MUTATIONS OF AN ACTIN BINDING LOOP IN HUMAN NONMUSCLE MYOSIN IIA

人非肌肉肌球蛋白 IIA 肌动蛋白结合环的突变

• 批准号: 6162725
• 负责人: JAMES R. SELLERS
• 金额: --
• 依托单位: NATIONAL HEART, LUNG, AND BLOOD INSTITUTE
• 依托单位国家: 美国
• 资助国家: 美国
• 起止时间: 至
• 项目状态: 未结题
• 来源: https://reporter.nih.gov/project-details/6162725
• 关键词: Baculoviridae; actin binding protein; actins; enzyme activity; human tissue; intermolecular interaction; mutant; myocardium; myosins; phosphorylation; protein purification; protein structure function; site directed mutagenesis; species difference

While there are crystals of actin and of myosin, the molecular details of the interaction of myosin with actin are not well understood. There is a biochemical or modeled structural evidence for interaction between several areas of myosin with actin including a myosin surface loop that begins with amino acid 391 and ends with amino acid 404 in the human nonmuscle myosin IIA sequence based upon homology with the chicken skeletal muscle myosin that was crystallized. This loop is postulated to make direct contact with actin based on the Holmes-Rayment-Milligan model for interaction with actin and myosin. In human cardiac myosin, it contains a residue (Arg-403) that is mutated to a Gln or Trp to cause hypertrophic cardiomyopathy (HCM). In Acanthamoeba and Dictyostelium myosin I's and members of the myosin VI class, one of the residues in this loop is invariably a serine or threonine. In the myosin I molecules, phosphorylation of this Thr is required for activity. In almost all other myosins, this residue is either a Glu or Asp, suggesting that a negative charge at this residue is important for activity. We have used site-directed mutagenesis coupled with baculovirus expression of an HMM-like fragment of human nonmuscle IIA. We mutated Arg-393 (equivalent to the HCM mutation in cardiac myosin) to a Gln and Asp-399 (equivalent to the regulatory phosphorylation/invariant negative charged residue) to a Lys. Both mutants and wild-type HMM were well regulated by phosphorylation of the 20 kDa regulatory light chain. The Arg393Gln mutation results in a 25- 50% increase in the Vmax of the actin-activated MgATPase. The mutation did not affect the rate of actin filament sliding in an in vitro motility assay. The Asp399Lys mutation decreased the Vmax by 8-10 fold and the rate of in vitro motility by a factor of two, supporting an important role for the negative charge at this location. Neither mutation had a significant effect on the amount of actin required for half-maximal MgATPase activity and both are well regulated by their 20 kD light chain phosphorylation. We are currently studying other mutations of this loop.

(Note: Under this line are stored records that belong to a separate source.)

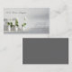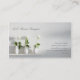 Three white roses in three white vases on a white shelf mounted on a white wall with shadows cast upon it. A very elegant contemporary business card. Can be used for numerous occupations and trades.
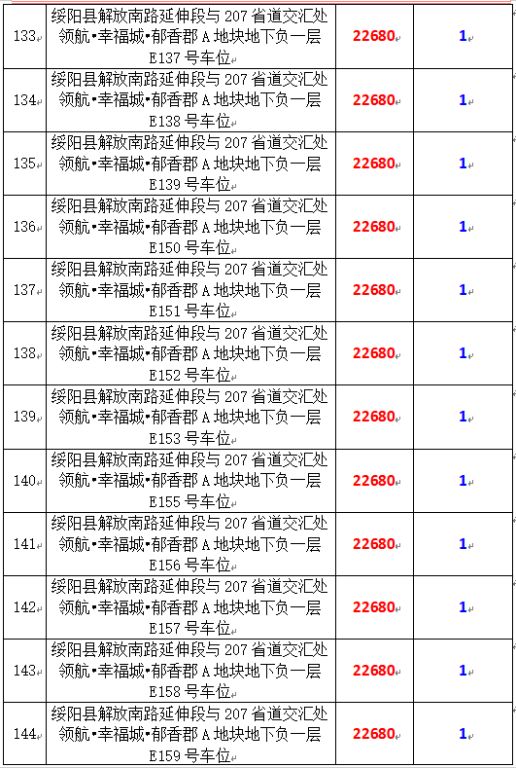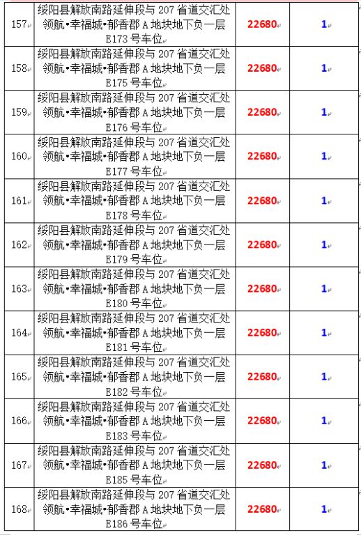 1、標的坐落于綏陽縣解放南路延伸段與207省道交匯處領航?幸福城?郁香郡A地塊地下負一層。標的總數為170個車位,水電設施齊全。
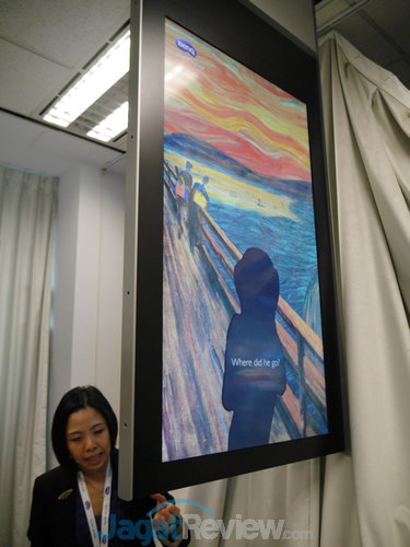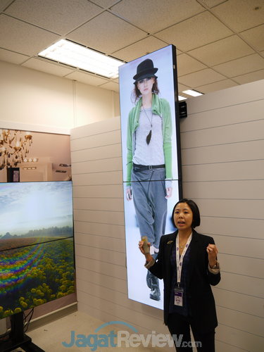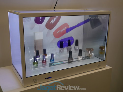 Transparent Display menjadi salah satu produk yang cukup menawan. Pasalnya, display ini terlihat tembus pandang sehingga user bisa memajang barang dagangan mereka sekaligus menarik perhatian para pembeli dengan video yang mereka tayangkan di display tembus pandang tersebut.
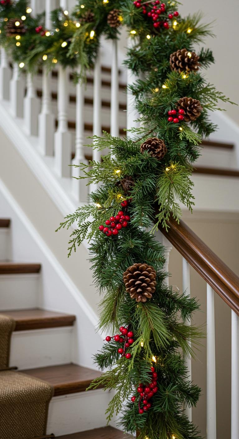 Nothing says Christmas like lush evergreen garlands draped across your mantel or stairs. Add pinecones, berries, and other natural goodies for that classic holiday boost. If you’re the DIY type, try making your own by bundling small branches with twine—perfect as table centerpieces or porch decorations that greet guests with holiday cheer.
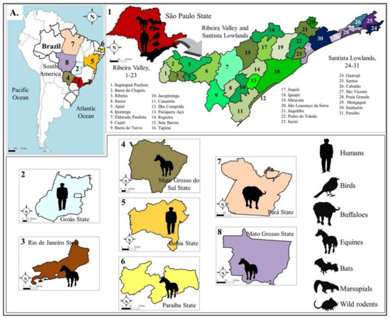 Overview of detected circulation of the Rocio virus in Brazil. (A). Brazilian states where detection of ROCV was documented. (A1) São Paulo State. During the outbreak of the 1970s, ROCV circulation was detected in 8 regions in the Santista Lowlands and 23 regions in the Ribeira valley. Serology showed flavivirus exposure in rodents, bats, marsupials, and pigeons; (A2) Goiás State; (A3) Rio de Janeiro State. Serologic detection in equines; (A4). Mato Grosso do Sul State. Serologic detection in equines; (A5) Serologic detection in humans; (A6) Paraíba State. Serologic detection in equines. (A7) Pará State. Serologic detection in buffaloes (Bubalus bubalis). (A8) Mato Grosso State. Serologic detection in equines.
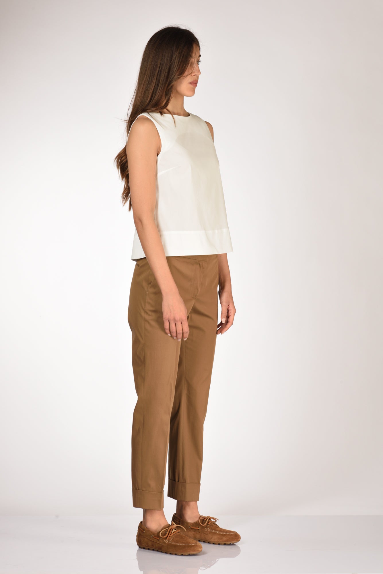 Camicia Smanicata Realizzata In Popeline Di Cotone, Scollo Barchetta, Fiocchi Ornamentali Ed Apertura A Goccia Posteriori, Fondo Con Logo Metallico, Linea Diritta, Vestibilita' Regular, Made In Bulgaria, Composizione 63 Cotone, 37 Poliestere
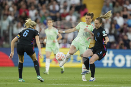 Italy's Cristiana Girelli reaches for the ball next to England's Lauren James, right, during the Women's Euro 2025 semifinals soccer match between England and Italy at Stade de Geneve in Geneva, Switzerland, Tuesday, July 22, 2025. (AP Photo/Alessandra Tarantino)
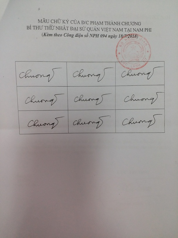 Thực hiện Quyết định số 05/2002/QĐ-BNG ngày 30/7/2002 của Bộ trưởng Bộ Ngoại giao quy định về việc tổ chức giải quyết công tác lãnh sự, căn cứ đề nghị của Đại sứ quán Việt Nam tại Nam Phi, Cục Lãnh sự - Bộ Ngoại giao đồng ý chấp thuận: đồng chí Phạm Thành Chương – Bí thư thứ Nhất, Đại sứ quán Việt Nam tại Nam Phi được ủy quyền ký tất cả các giấy tờ lãnh sự, trừ hộ chiếu ngoại giao kể từ ngày 01/8/2018 thay đồng chí Trần Trọng Thanh (đồng chí Thanh thôi ký các giấy tờ lãnh sự kể từ ngày 01/8/2018).

虽然有肌动蛋白和肌球蛋白的晶体， 肌球蛋白与肌动蛋白的相互作用还没有很好的理解。 那里 是生物化学或模拟的结构证据， 肌球蛋白的几个区域与肌动蛋白，包括肌球蛋白表面环， 在人类中以氨基酸391开始并以氨基酸404结束 基于与鸡同源性的非肌肉肌球蛋白IIA序列 骨骼肌肌球蛋白结晶。 这个循环被假定为 根据Holmes-Rayment-Milligan原理， 与肌动蛋白和肌球蛋白相互作用的模型。 在人类心肌肌球蛋白中， 它含有突变为Gln或Trp的残基（Arg-403）， 肥厚型心肌病（HCM）。 在阿米巴和网骨藻中 肌球蛋白I和肌球蛋白VI类的成员， 该环总是丝氨酸或苏氨酸。 在肌球蛋白I 分子中，这种Thr的磷酸化是活性所必需的。 在 几乎所有其他肌球蛋白，这个残基是Glu或Asp， 这表明在这个残基上的负电荷对于 活动 我们已经使用了定点诱变结合 杆状病毒表达人非肌肉IIA的HMM样片段。 我们突变了Arg-393（相当于心肌肌球蛋白中的HCM突变） Gln和Asp-399（相当于监管机构） 磷酸化/不变的带负电荷的残基）转化为Lys。 两 突变体和野生型HMM的磷酸化调节良好， 20 kDa调节轻链。 Arg 393 Gln突变导致25- 肌动蛋白激活的MgATPase的Vmax增加50%。 突变 并不影响肌动蛋白丝在体外滑动的速率， 运动性测定 Asp 399 Lys突变使Vmax降低8-10倍 和体外运动率的两倍，支持一个 负电荷在这个位置的重要作用。 既不 突变对所需的肌动蛋白量有显着影响， 半最大MgATP酶活性，两者都受到其20 kD轻链磷酸化。 目前，我们正在研究其他 这个循环的变化。